Perhaps most intriguingly, our examination of high-scoring networks generated from the gene lists distinguishing the 1918 and 1918:Tx/91(NS) viruses revealed an extensive, direct network of lipid metabolism genes that were expressed at higher levels in cells infected with the 1918:Tx/91(NS) virus than in cells infected with the 1918 virus (Fig. ). This network contained key activators of cell proliferation and differentiation, including PIK3R1, PLCE1, RARB, and SIRT1. Cell proliferation is typically associated with an increased de novo synthesis of fatty acids, phospholipids, and cholesterol to build cellular membrane components, and there was an increase in the expression of genes involved in these pathways.
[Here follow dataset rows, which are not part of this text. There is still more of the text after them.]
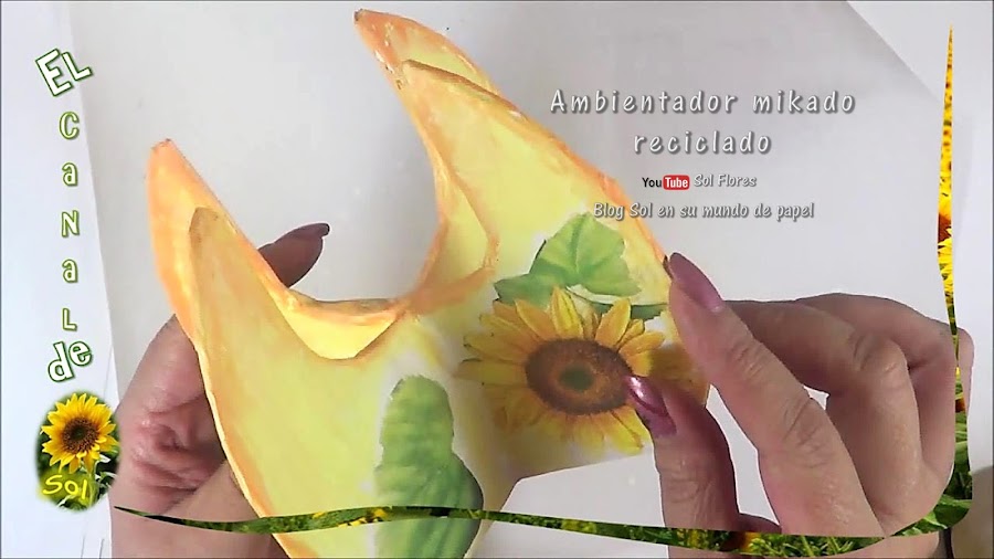 y en el centro pegué flores de servilletas, ya seca la servilleta manché también en color anaranjado y marqué las orillas, luego le di dos capas de barniz,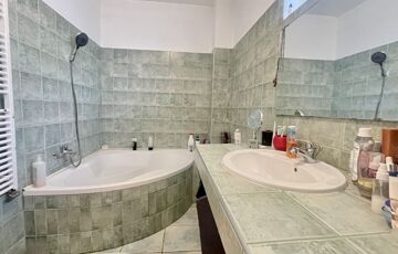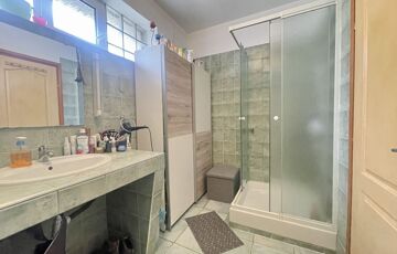 A földszinti fürdő zuhanyzóval, az emeleti káddal felszerelt.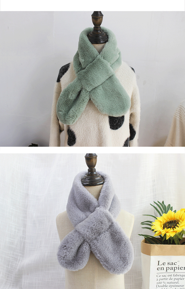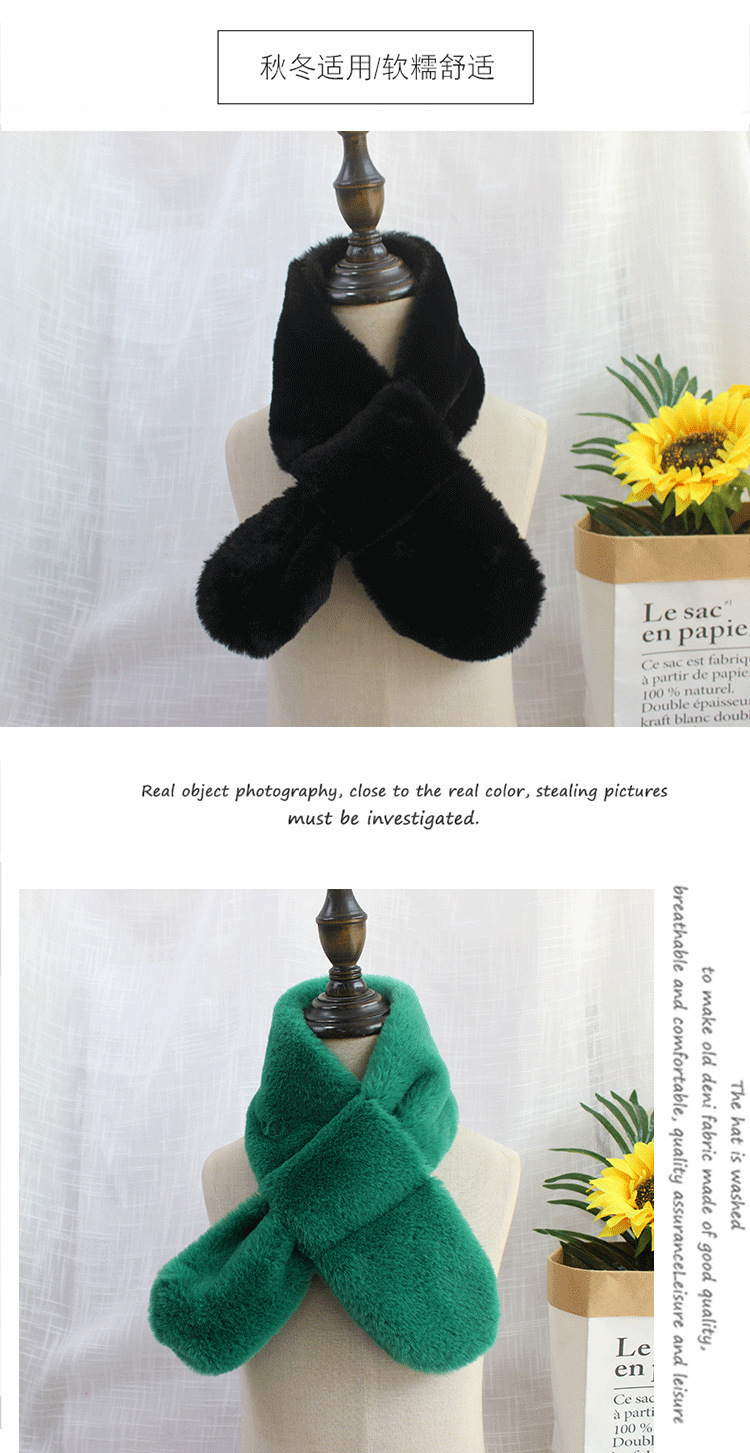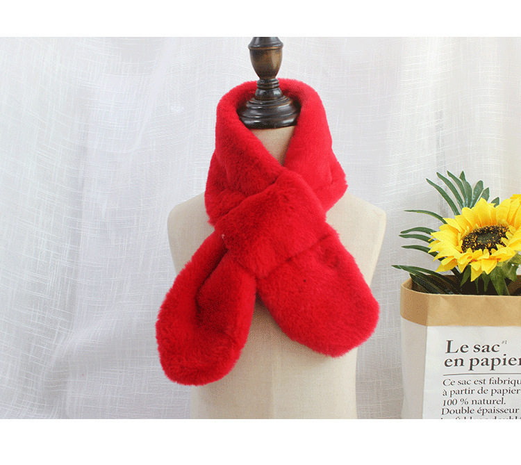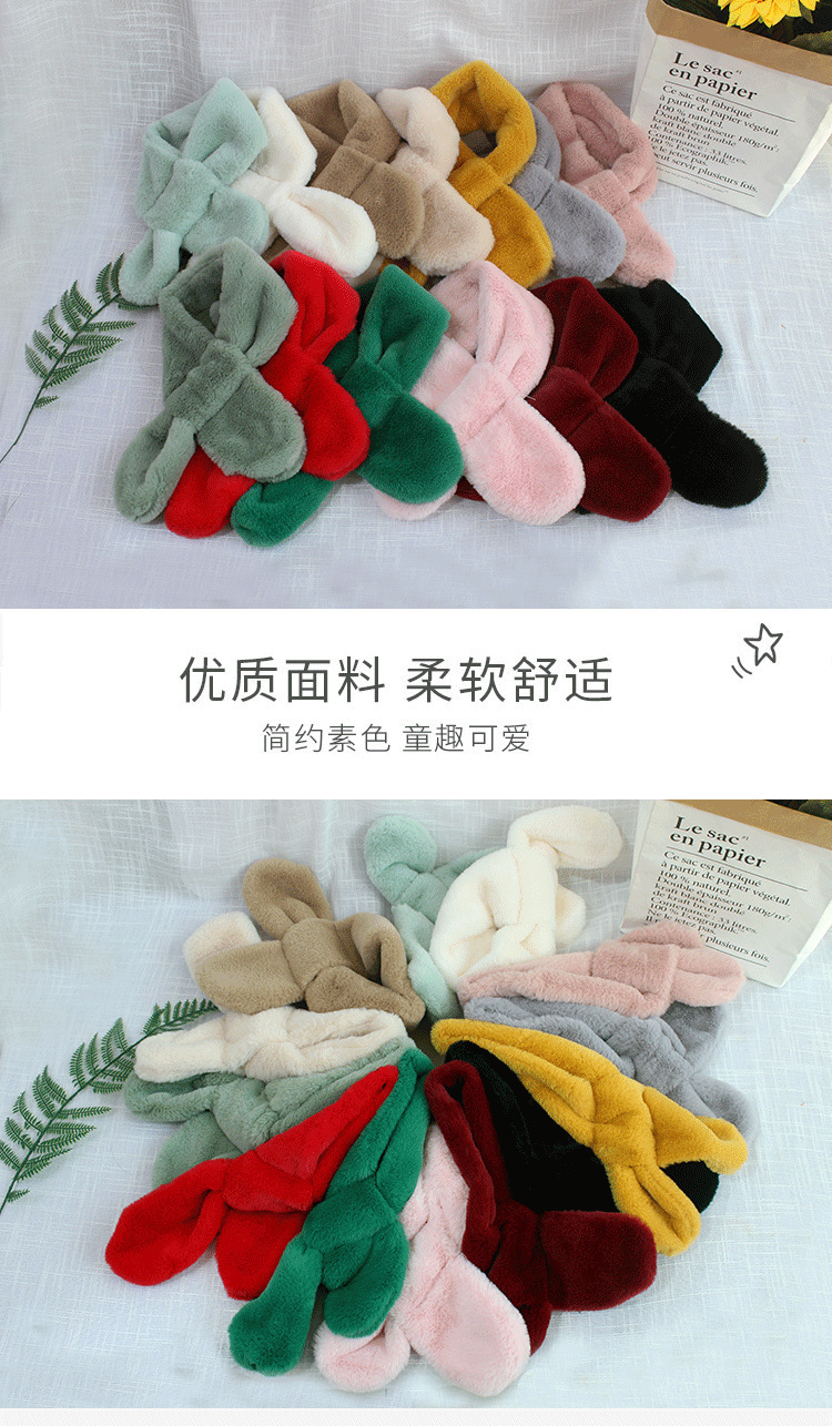 2024 대외 무역 단색 어린이 스카프 가을과 겨울 따뜻한 라이트 플레이트 여성의 모조 토끼 모피 두꺼운 따뜻한 아기 스카프 도매스토어 가기

To extend this finding, we used qRT-PCR to measure the expression of a panel of 11 lipid metabolism genes (Fig. ). The expression of all but one of these genes (RGS2) was significantly downregulated in cells infected with the 1918 virus relative to mock-infected controls. In contrast, the 1918:Tx/91(NS) virus induced the expression of some of these genes relative to mock-infected cells. In every case, the 1918 virus significantly suppressed the expression of these genes relative to the 1918:Tx/91(NS) virus. As some of the genes represented in Fig. function in proinflammatory (and potentially antiviral) pathways, it is possible that an early suppression of these genes contributes to the severe lethality associated with the 1918 virus.
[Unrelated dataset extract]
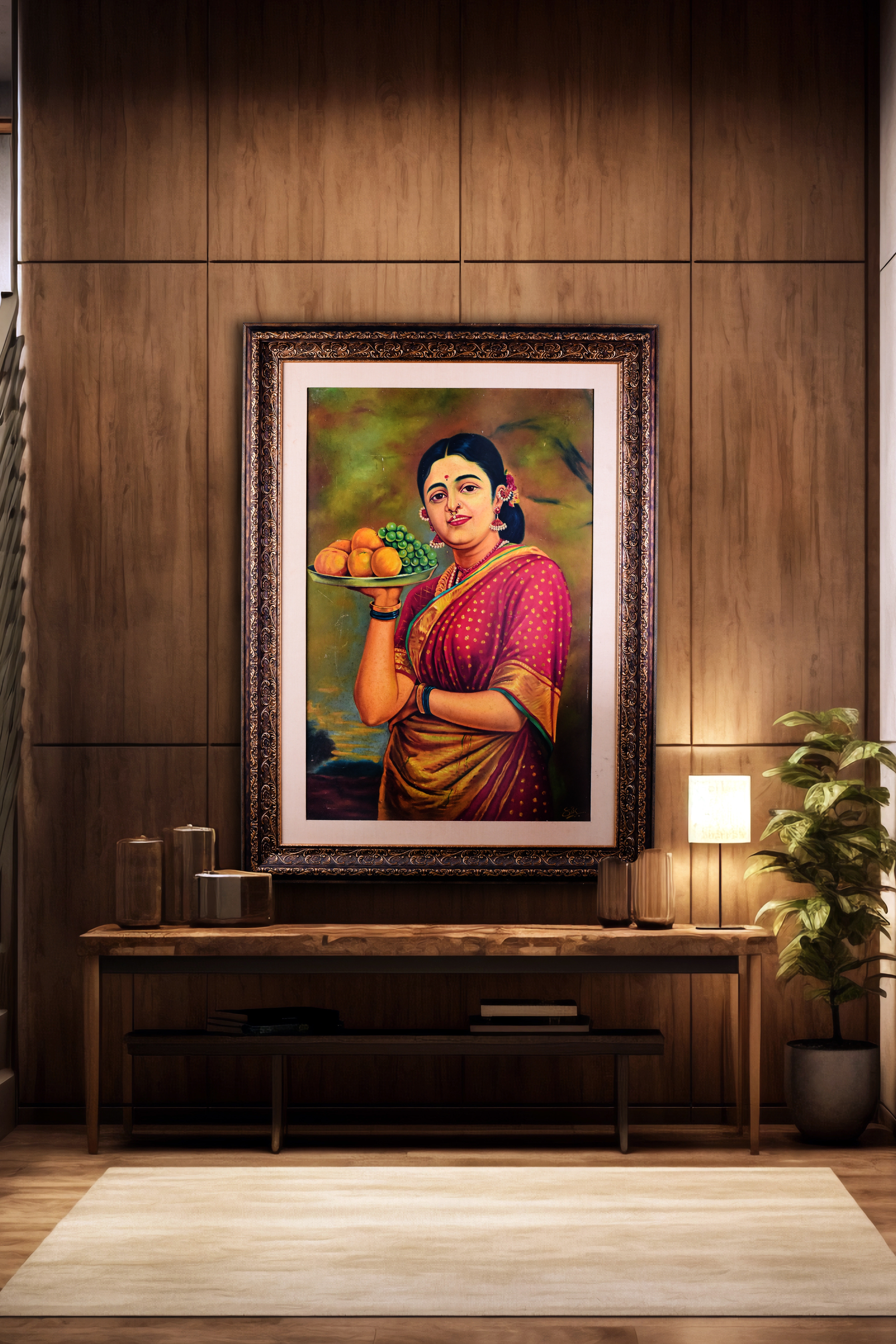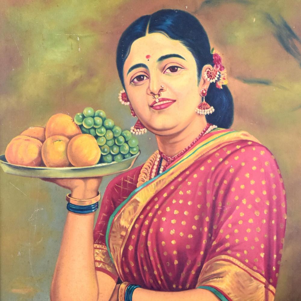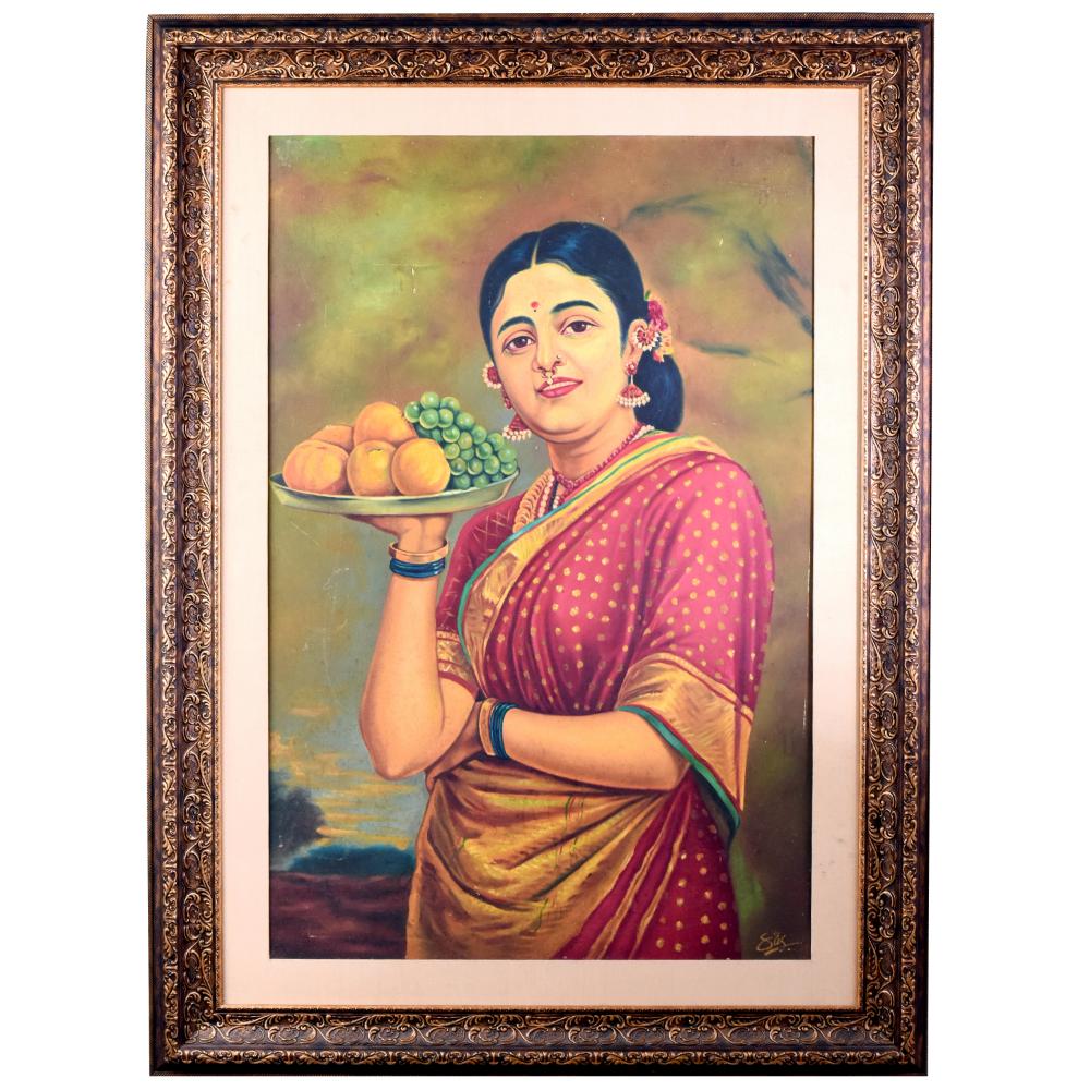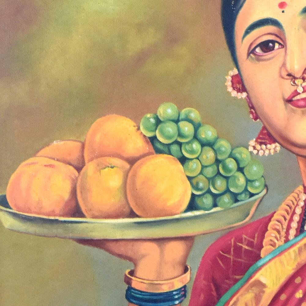 - Depicts a woman holding a bountiful fruit plate

Cells infected with 1918:Tx/91(NS) also had higher levels of expression of genes encoding proinflammatory lipid mediators (including BDKRB2, LTA4H, PLA2G4A, PTGS2, and VIM) and genes encoding different representatives of the ATP-binding cassette family of proteins (ABC transporters) (Fig. ). Certain members of this family, including ABCB1, are reported to stimulate dendritic cell activation (40
). Several CYP family members were also induced by the 1918:Tx/91(NS) virus, including CYP24A1, which is reported to induce monocyte and macrophage differentiation, and CYP3A4, which aids in the oxidative catabolism of lipids (7
). Thus, the 1918 NS1 protein may also play a role in inhibiting the transcription of certain lipid-based proinflammatory mediators that function as part of the host antiviral response. Consistent with this idea, the expression of many of the same genes related to lipid metabolism were also expressed at a higher level in cells infected with the Tx/91 virus than in cells infected with Tx/91:1918(NS) (Fig. ). These included CYP family genes, genes encoding proinflammatory mediators, and cholesterol biosynthesis genes.